Two people with shopping bags standing in a mall

Image source: Getty Images

That said, in 2020, countries around the world effectively closed their economies to slow the spread of COVID-19. That hit retailers hard and exacerbated the troubles for heavily leveraged retailers. A large number have gone bankrupt in a very short period of time. Many of the companies that remain are looking to rationalize their footprints, with some choosing to close less desirable locations. That's bad news for mall-owning REITs like Simon, and the pain is going to linger for at least a year -- but probably much longer. 
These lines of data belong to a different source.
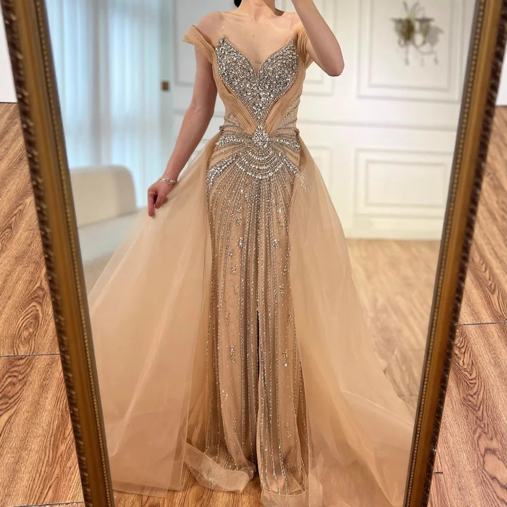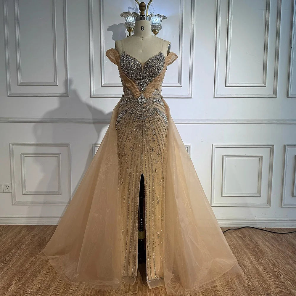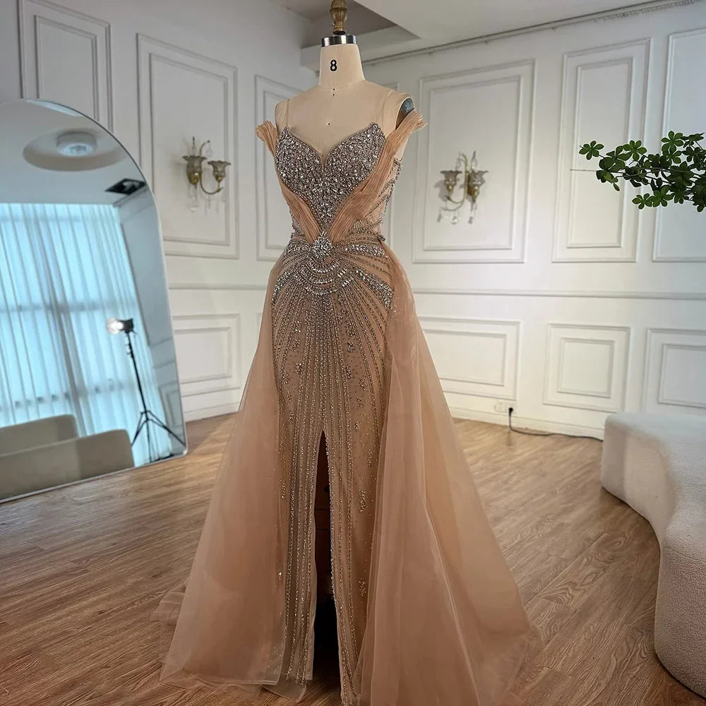 Elegant nude mermaid evening dress with sparkling beadwork, dramatic overskirt, and front slit. A refined design perfect for formal events or red carpets.
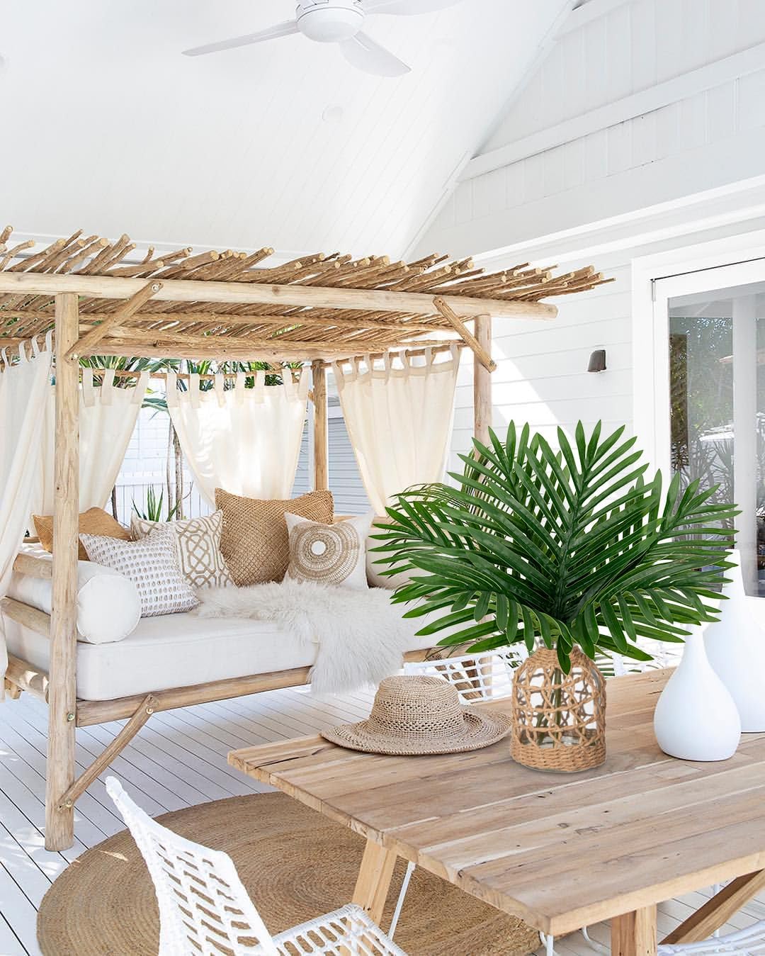 - [Realistic Tropical Leaves] -Faux palm leaves are made from soft, real touch plastic and flexible fabric to mimic the natural touch feel and shape of real leaves, this realistic fake plants décor is non-toxic and durable.
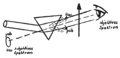Das Erstere kann man, wenn man gelehrt sein will, die objektiven Farben nennen, das am Schirm. Das andere, was man sieht, wenn man durch das Prisma schaut, kann man nennen das subjektive Spektrum. Das subjektive Spektrum erscheint in Umkehrung des objektiven Spektrums. Wenn wir so sprechen, dann haben wir ganz gelehrt gesprochen.
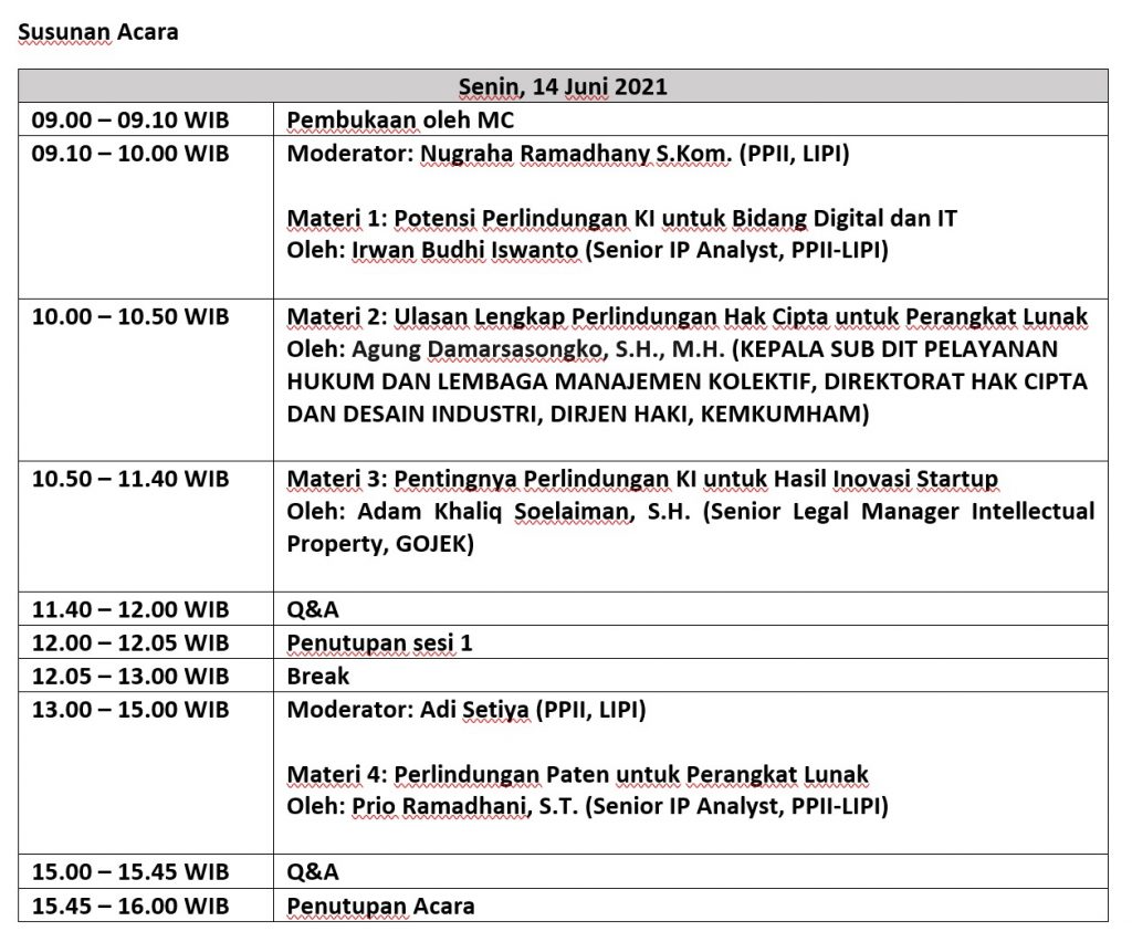 Oleh sebab itu, Bidang Manajemen Kekayaan Intelektual, Pusat Pemanfaatan Inovasi dan IPTEK, LIPI akan melaksanakan Webinar “Menggali Pelindungan Kekayaan Intelektual Bidang Teknologi Informasi dan Digital”. “
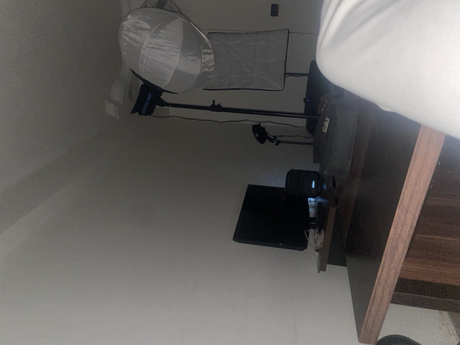 A white softbox and a rectangular reflector are positioned on stands. A black camera bag labeled "CAT" and a black monitor sit on a dark brown desk. The monitor is next to a black bag that appears to be a camera accessory bag. The wall is painted a light grey. A small square black electrical outlet is also visible on the wall. Part of a white item is in the upper right corner.
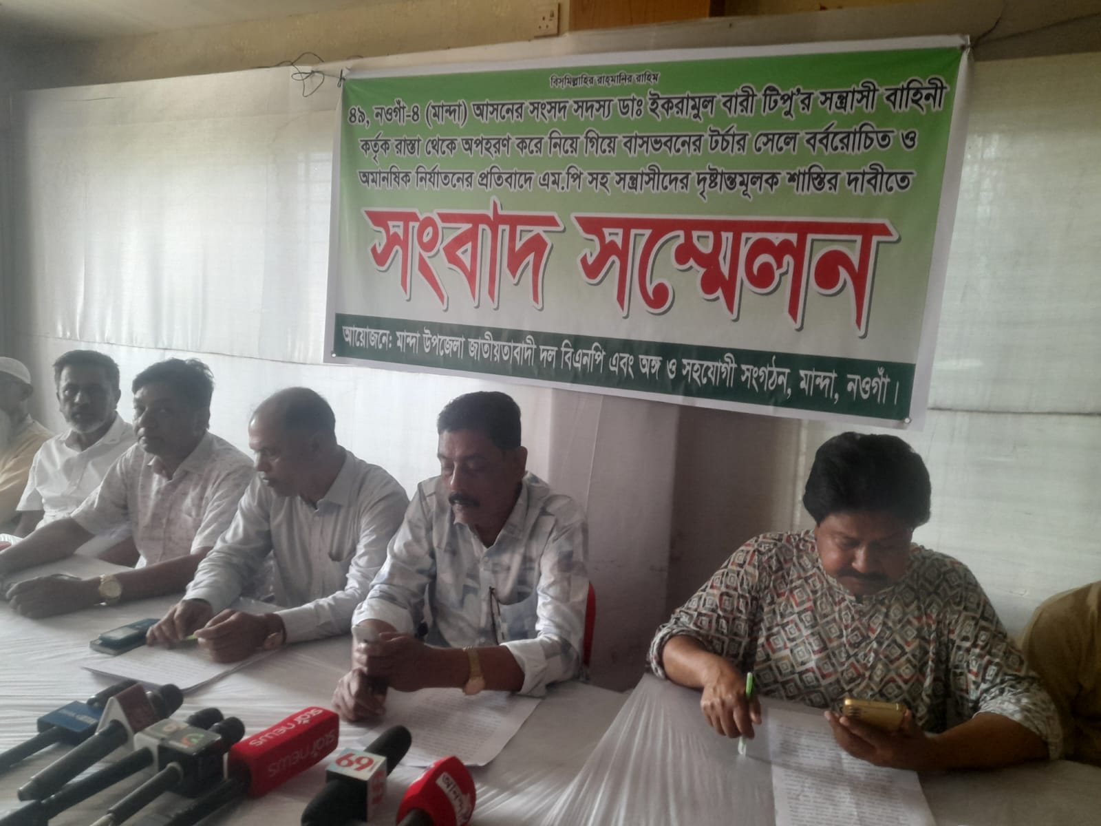 নওগাঁর মান্দায় নিজ দলীয় নেতাকর্মী ও সাধারণ মানুষকে উঠায় নিয়ে গিয়ে মান্দা-৪ আসনের এমপি ইকরামুল বারী টিপুর টর্চারসেলে নির্যাতন করার প্রতিবাদে সংবাদ সম্মেলন অনুষ্ঠিত হয়েছে। সোমবার দুপুরে মান্দা উপজেলা বিএনপির আয়োজনে নওগাঁ কমিউনিটি সেন্টারে সংবাদ সম্মেলনে প্রধান অতিথি হিসাবে উপস্থিত ছিলেন মান্দা উপজেলা বিএনপির সাধারণ সম্পাদক শফিকুল ইসলাম, বিশেষ অতিথি হিসাবে উপস্থিত ছিলেন মান্দা উপজেলা বিএনপির যুগ্ন সা: সম্পাদক বেলাল হোসেন । সংবাদ সম্মেলন শফিকুল ইসলাম বলেন খাসজমি দখল চাঁদাবাজি খাসপুকুর অর্থের বিনিময়ে বন্টন করার প্রতিবাদ করায় আমাদের নেতাকর্মী ও সাধারণ মানুষকে এমপির গুন্ডা বাহিনী তুলে নিয়ে গিয়ে তার বাড়ির আন্ডার গ্রাউন্ড টর্চারসেলে দেশীয় অস্ত্র দিয়ে মারধর করে।আমাদের সংগঠনের দপ্তর সম্পাদক আবুল কালাম আজাদ নির্যাতনের শিকার হয়ে এখনো নওগাঁ সরকারি হাসপাতালে ভর্তি আছে এছাড়াও সাংগঠনিক সম্পাদক শামসুল ইসলাম বাদল এর উপর হামলা চালানো হয়। আমরা এর সুষ্ঠু তদন্ত সাপেক্ষে দলের চেয়ারম্যান তারেক রহমানের কাছে বিচার দাবি করছি। এসময় ভিডিও কলে সংবাদ সম্মেলন যোগ দিয়ে মান্দা উপজেলা বিএনপির সভাপতি আবদুল মতিন বলেন আমাদেও দলের সভাপতি সেক্রেটারী সাথে কোন সমন্বয় করেনা উল্টো নেতা কর্মীদেও নির্যাতন করা হচ্ছে যা মোটেই কাম্য নয়।ভুক্তভুগি দপ্তর সম্পাদক আবুল কালাম আজাদ বলেন আমি বর্তমানে নওগাঁ সরকারী হাসপাতালে আছি আমাকে এমপির এপিএস মোহাম্মদ আলী সহ কয়েকজন প্রসাদপুর জনতা ব্যাংকের সামনে থেকে টেনেহেছড়ে এমপির বাসার টর্চারসেলে নির্মমভাবে নির্যাতন করে। সংবাদ সম্মেলন অন্যান্যদের মধ্যে উপস্থিত ছিলেন মান্দা উপজেলা বিএনপির সাংগঠনিক সম্পাদক সামসুল ইসলাম বাদল,এ্যাডভোকেট কুমার বিশ্বজিত,পরানপুর ইউপি সভাপতি গোলাম মোস্তফা, প্রসাদপুর ইউপি সেক্রেটারী গোলাম হোসেন খান, ভারশো ইউপি সভাপতি গোলাম নবি কাবুল,সহ সভাপতি মোহাম্মদ আলীসহ ১৪ টি ইউনিয়ন বিএনপির সভাপতি সেক্রেটারী ও নেতাকর্মী গন।
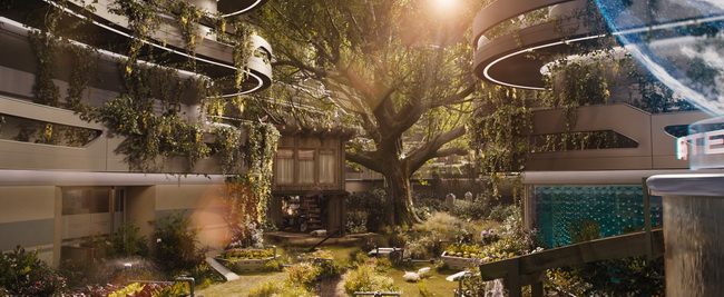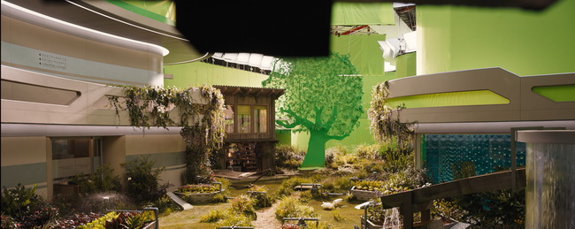Le projet comprenait deux grandes catégories d’effets : l’intérieur du vaisseau et l’extérieur. Pour le premier, MPC a réalisé d’importantes extensions de décor au niveau de la baie d’hibernation, de la cafeteria, de la salle des machines et du grand hall central. Pour le second, il a fallu mettre au point un vaisseau comme jamais encore le cinéma nous en avait montré. “Nous avons décidé de le modéliser en une seule version,” précise Nordby. “Nous ne voulions pas d’un modèle pour les plans larges, un autre pour les plans serrés, un autre pour les gros plans, etc. C’était trop compliqué à gérer. Un seul modèle devait pouvoir répondre à tous les besoins, ce qui impliquait une conception incroyablement robuste. Les surfaces devaient être en mesure de supporter n’importe quel type de plan. En même temps, il était impossible de tout modéliser et texturer à très haute résolution, le modèle aurait été ingérable. Notre approche a donc consisté à procéder scène par scène. Dès que nous savions précisément ce que la caméra allait montrer, nous ajoutions des panneaux, des antennes, des structures mécaniques, des irrégularités sur les surfaces, etc., tout ce qui pouvait briser les lignes et créer une impression de densité. À l’arrivée, il y a donc des sections du vaisseau qui sont beaucoup moins détaillées que d’autres.”

So over the next year, Simon Property Group is definitely going to be dealing with significant headwinds created by store closures and retail bankruptcies. It's not going to be easy, and it's not going to be pretty. But to really understand what's going on, you need to look a little deeper.

No easy answers

A mall is an ecosystem curated and managed by the mall's owner. There are a number of aspects to this that are vital. For example, Simon takes great care to ensure that its malls and outlet centers (about 200 or so) are located in wealthy areas with large populations. Just owning any old mall isn't enough -- malls need to be in good locations. 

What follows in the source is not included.